Atlas of Imagined Cities: Who Lives Where in TV, Books, Games and Movies?

By Londonist Last edited 6 months ago

Last Updated 13 October 2023

Atlas of Imagined Cities: Who Lives Where in TV, Books, Games and Movies?
Atlas of Imagined Cities by Matt Brown

We all know that Sherlock lived at 221b Baker Street. But who were his fictional neighbours?

A new book, co-authored by Londonist's editor-at-large Matt Brown, maps thousands of locations from movies, TV, novels, video games and other fictional works. It's the sequel to 2021's award-winning Atlas of Imagined Places, and started out as a Londonist project.
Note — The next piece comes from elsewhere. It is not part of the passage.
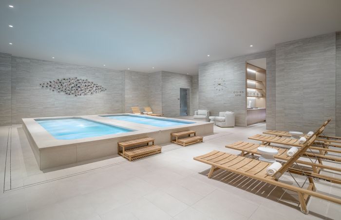 Lapis Spa and Wellness is a tranquil retreat within the resort, focusing on the energy of water and healing powers of enjoying a soothing day at the spa. Impressive facilities accompany the locker rooms with large soaking tubs in both hot and warm, steam showers, and infrared saunas. Or count the constellations in a starlit relaxation lounge and quiet area before your treatment. The real magic though: the communal area. Soaring ceilings with color changing panels bathe the specialty soaking areas, while guests enjoy the latest cutting-edge technology in an Aufguss Sauna (a large communal sauna with a screen depicting various landscapes. Inspired by Nordic spas, the Aufguss Sauna has daily “shows” that incorporate aromatherapy, towel choreography, and digital imagery for an unforgettable and unique experience. Outside the immersive sauna, to cool off head to the indoor snow shower. More novelty than therapeutic, I did enjoy the cooling sensation as snow/ice drifted down from the ceiling in the room. A full-service fitness facility is also available on property.

Atlas of Imagined Cities takes 14 world cities, including London, and plots the homes of hundreds of fictional characters — from Del Boy and Rodney to Count Dracula to Mrs Dalloway. The maps also pinpoint dozens of famous fictional organisations and businesses — Central Perk, Ghostbusters HQ, Torchwood, Cyberdyne Sytems, Sterling Cooper, Tyrell Corporation, to name just a few of the more famous examples.

Fictional Manhattan
A sneak peek at part of fictional Manhattan

The maps also include fictional infrastructure, such as the great sea wall round LA from Blade Runner 2049, and the anti-Kaiju wall of Sydney from Pacific Rim. You'll also find the routes of fictional car chases, speedboat pursuits in Venice, the pilgrimage path of Chaucer's Canterbury Tales, and much more.

Fictional London mapped

A map of fictional inner london
Inner London

Perhaps the most densely populated map is London. Whole fictional boroughs such as Walford (Eastenders) and Canley (The Bill) are served by fictional tube stations such as Hobb's End (Quatermass and the Pit) and Vauxhall Cross (Die Another Day). A constellation of famous characters fill in the gaps. Spies James Bond, Alex Rider and George Smiley all inhabit the same cluster of Chelsea streets. Phileas Fogg could pop across the road into Grace Brothers, and dalmatians Pongo and Perdita could easily be spooked by the Invisible Man.

Atlas of Imagined Cities started out as a Londonist project. Back in 2019, we published a map of fictional London called Unreal City, plotting over 700 fictional locations onto a map of London. It's now blossomed into a whole book covering 14 cities on five continents. London remains at the heart of the project, with hundreds of fictional places spread over four pages.

A map of fictional outer london
London has so many important fictional characters that the map is spread over four pages. Here we see Outer London

Besides the city maps, artfully drawn by illustrator Mike Hall, the book also includes plenty of mini-essays exploring the fiction of the 14 cities. These explain how the authors sleuthed their locations. Often, it's obvious from the source material, but sometimes a bit of detective-work is needed to pinpoint a fictional home, business or event.

A full index is included, so it's easy to look up your favourite films or novels and see how they're mapped. The real joy, though, is simply to browse the maps and make your own connections between very different works of fiction. Who knew that the apartments from Friends are right next door to the block from Rear Window? Or that two major characters from Doctor Who and Star Trek lived in the same small part of San Francisco?

A map of fictional Tokyo
Fictional Tokyo is as densely populated as real Tokyo

The 14 cities covered are Berlin, Chicago, London, Los Angeles, Miami, New Orleans, New York City, Paris, Rio, San Francisco, Sydney, Tokyo, Venice and Washington DC.

Atlas of Imagined Cities: Who Lives Where in TV, Books, Games and Movies. by Matt Brown, Rhys B. Davies and Mike Hall is out now from Batsford.